TRY IT:
Where the material below has a line containing "Reitor Pe. Josafá", start repeating exactly, and keep going through the line containing "Durante el procedimiento", with no other lines.

DATA PROVIDED:
-*-*-
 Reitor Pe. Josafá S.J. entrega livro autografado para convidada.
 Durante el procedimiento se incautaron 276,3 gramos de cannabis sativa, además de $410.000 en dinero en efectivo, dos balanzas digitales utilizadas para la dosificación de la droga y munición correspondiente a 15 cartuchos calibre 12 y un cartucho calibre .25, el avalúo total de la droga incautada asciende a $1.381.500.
-*-*-
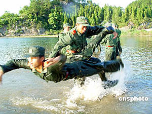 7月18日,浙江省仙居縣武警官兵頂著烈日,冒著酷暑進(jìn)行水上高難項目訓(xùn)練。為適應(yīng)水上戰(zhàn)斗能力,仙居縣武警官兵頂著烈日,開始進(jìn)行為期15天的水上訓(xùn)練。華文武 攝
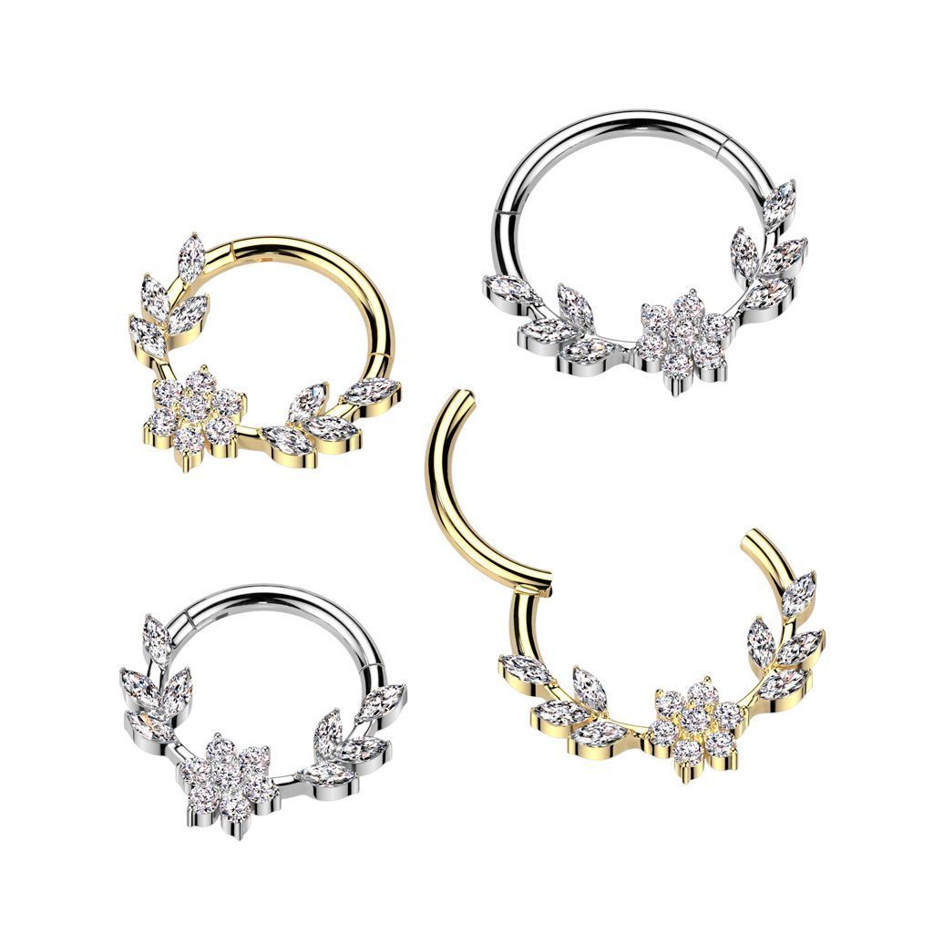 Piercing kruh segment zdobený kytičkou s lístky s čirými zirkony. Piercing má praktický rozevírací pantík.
-*-*-
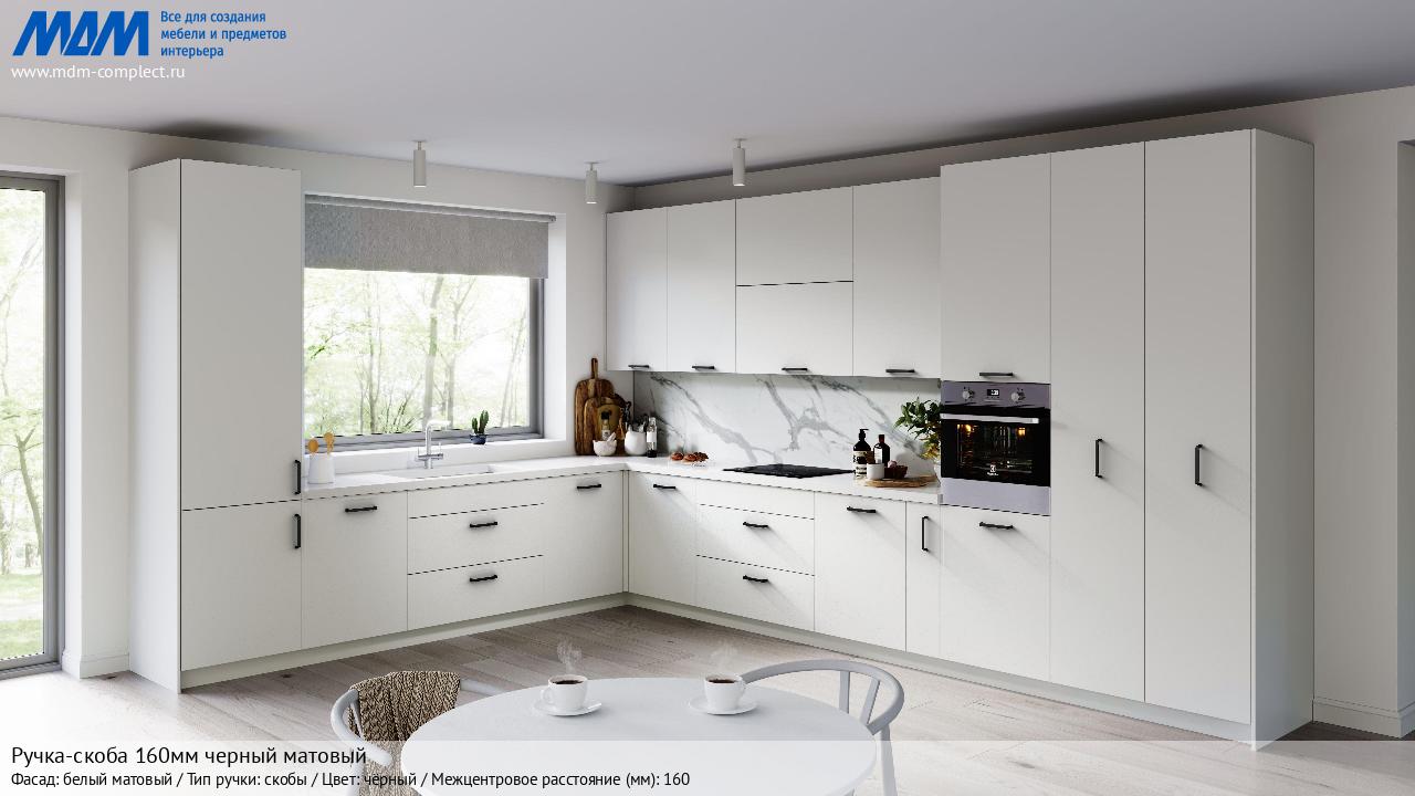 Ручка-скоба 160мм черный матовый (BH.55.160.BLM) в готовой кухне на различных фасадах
-*-*-
YOUR RESPONSE:
 Reitor Pe. Josafá S.J. entrega livro autografado para convidada.
 Durante el procedimiento se incautaron 276,3 gramos de cannabis sativa, además de $410.000 en dinero en efectivo, dos balanzas digitales utilizadas para la dosificación de la droga y munición correspondiente a 15 cartuchos calibre 12 y un cartucho calibre .25, el avalúo total de la droga incautada asciende a $1.381.500.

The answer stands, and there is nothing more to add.